Professor Schaub brings many unique and thought-provoking insights to three great Lincoln speeches. The author proposes and explains why Lincoln likely used certain words, phrases, and techniques to inspire the understanding and resolve of an exhausted people.
Highly recommend this valuable addition to our knowledge of Abraham Lincoln.
Diana Schaub deconstructs three Lincoln speeches including the Gettysburg Address and the Second Inaugural. It takes some nerve (and learning) to examine his words and parse what he said into what the exegete believes he meant. Nerve and learning abound in these pages.
She aggressively imputes motives and, on occasion, becomes agitated over certain words. One of those is “conceived” matched to “in Liberty” to which she commits three pages of pondering. A bit more awkward is her view on the beginning of paragraph three in the Gettysburg Address. “I am convinced,” she writes, “that Lincoln’s ‘But’ is the most significant use of the word in the literature of the English-speaking peoples.”
Someone please impanel the High Court of Syntax Masters.
His Greatest Speeches is of moderate worth to history. It is of scant value to the craft of speech writing, a discipline far more demanding than the piecework practice inferred by Dr. Schaub. Not every speech is a conscious re-braiding of previously utilized strands. It is not always a matter of antecedents. Some fortunate times, free-standing inspiration strikes.
A key piece of “outside” speech guidance, certainly relevant here, comes from the late British lyricist, Leslie Bricusse. After testifying to the core importance of finding the “one and only word in the entire language” to convey your exact meaning, he points to something Dr. Schaub gives insufficient regard. “It is not merely what the word means,” Bricusse says. “It is also what it sounds like.”

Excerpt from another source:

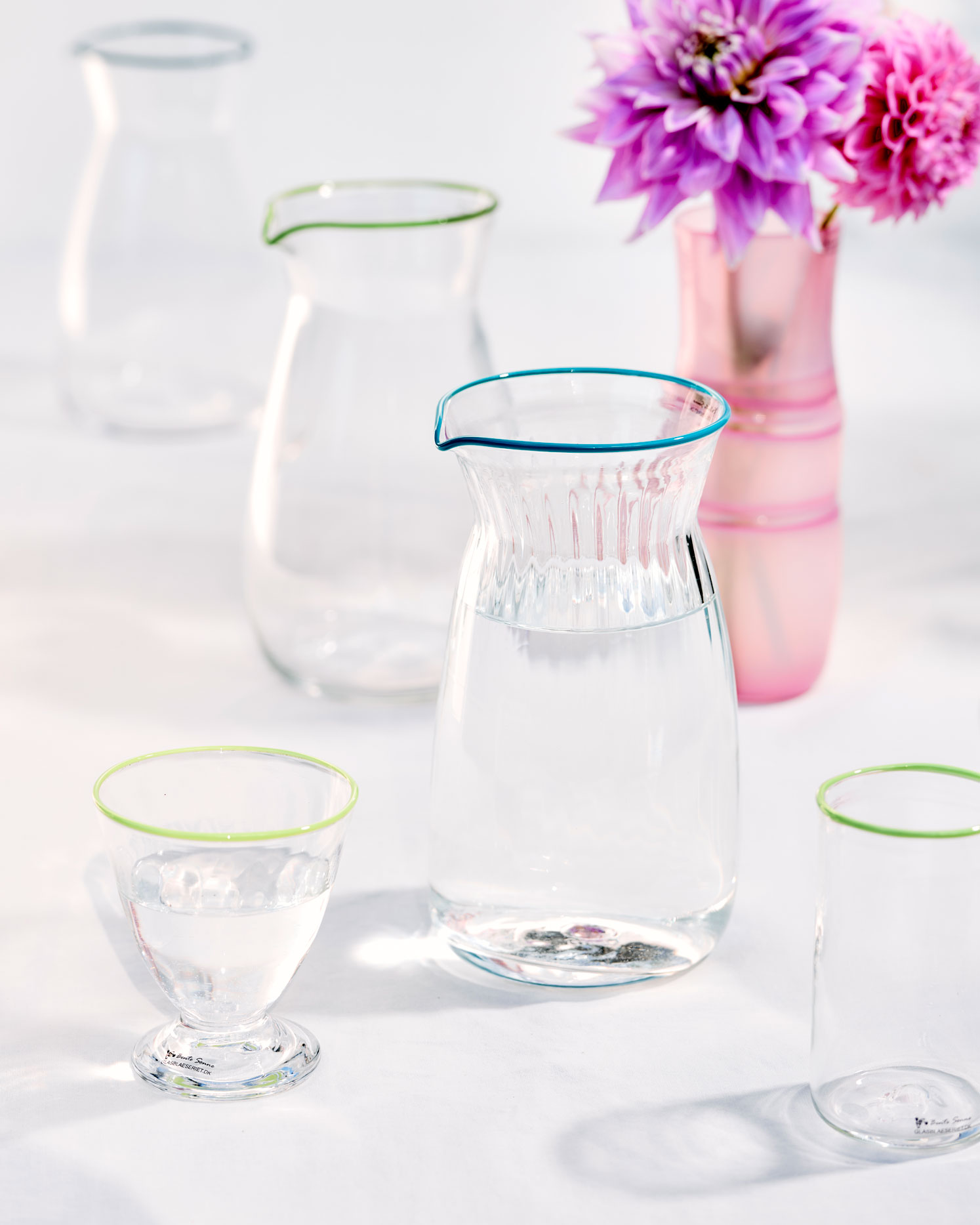 Kander med og uden optik (riller) rummer ca. 1 liter og fås i 12 forskellige farver passer til hverdagsvin glassene og vandglassene. Se farverne der. Pris 750kr.

Dr. Schaub is clearly a learned, credentialed, discerning scholar, well aware that vastly more people read than hear Lincoln’s speeches. Perhaps that is why she recommends reading each of these speeches three times. Good advice. Yet, whether reading or listening, the rhythms are alive and inviting. My guess is people are captured by the Lincoln cadence well before they focus on and absorb his arguments.
Anyone with time to spare on subordinate Lincoln books could do worse than this one.